The magnitude of the declines got bigger as time went on, to 1.1 percentage points in the second 20-day period, 1.5 percentage points in the third, 1.7 percentage points in the fourth and 1.8 percentage points in the final 20-day period.
In addition, the growth in COVID-19 death rates slowed by 0.7 percentage points in the first 20 days, followed by drops of 1.0, 1.4, 1.6 and 1.9 percentage points in the following 20-day periods.
Now to restaurant reopening: During the study period, states allowed restaurants to reopen for on-site dining (indoor or outdoor) in 3,076 counties (or nearly all of them). The researchers found no statistically significant changes in the growth rates of either daily cases or deaths in the first 40 days after restrictions were lifted.
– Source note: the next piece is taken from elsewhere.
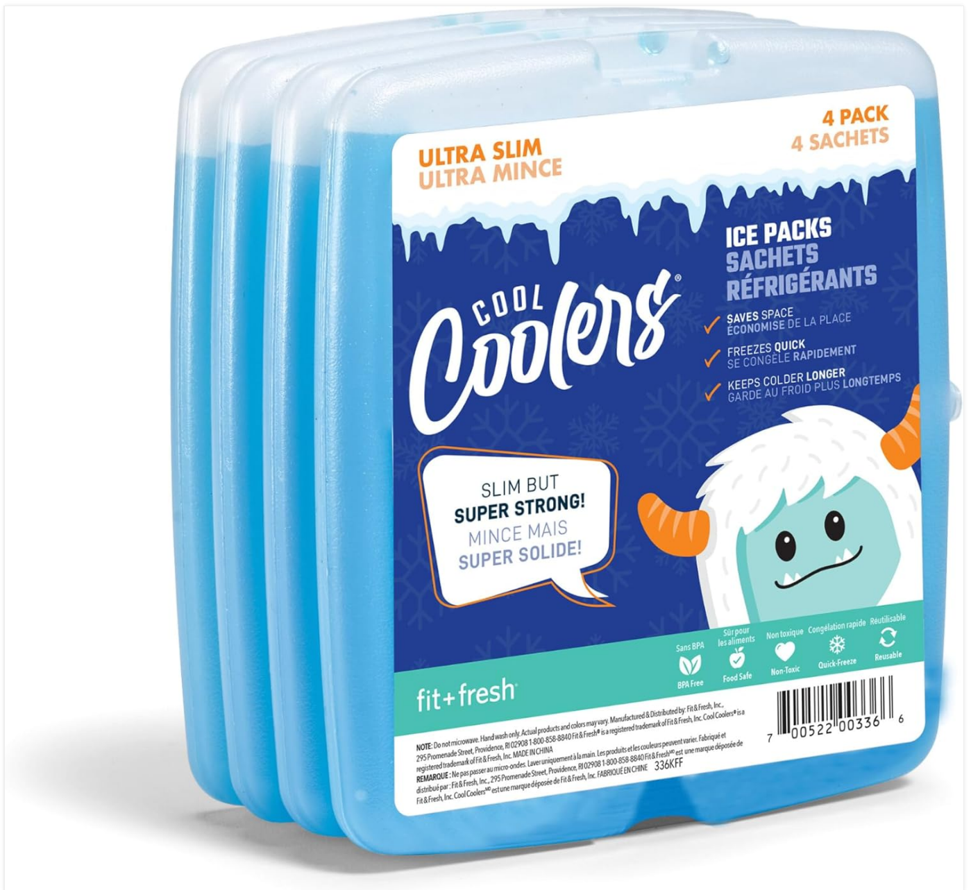
Image: Four Cool Coolers Slim Ice Packs in their packaging.

But then things changed. Between 41 and 60 days after restaurants reopened, the growth rate of daily cases increased by 0.9 percentage points, followed by increases of 1.2 and 1.1 percentage points in the next two periods.
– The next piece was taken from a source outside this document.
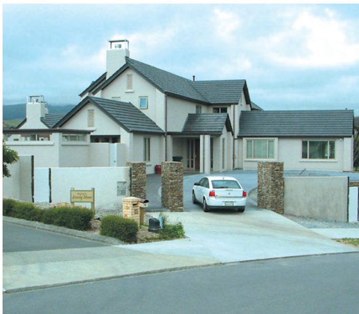
StoTherm plaster system.

International benchmark in the field of cladding and insulation systems.

Changes in death growth rates lagged, but when they did come in, the impact was significant: Allowing on-site dining was linked to increases of 2.2 and 3.0 percentage points in the 61-to-80 day and 81-to-100 day periods, respectively, after restrictions were lifted.
“Implementing mask mandates was associated with reduced SARS-CoV-2 transmission, whereas reopening restaurants for on-premises dining was associated with increased transmission,” the study authors concluded. “Policies that require universal mask use and restrict any on-premises restaurant dining are important components of a comprehensive strategy to reduce exposure to and transmission of SARS-CoV-2.”
While the data don’t prove cause and effect, they reveal a strong and compelling link between protective policies and improved coronavirus rates. The researchers acknowledged, however, that there are tradeoffs for these policies.
“Prohibiting on-premises restaurant dining might assist in limiting potential exposure to SARS-CoV-2; however, such orders might disrupt daily life and have an adverse impact on the economy and the food services industry,” they wrote.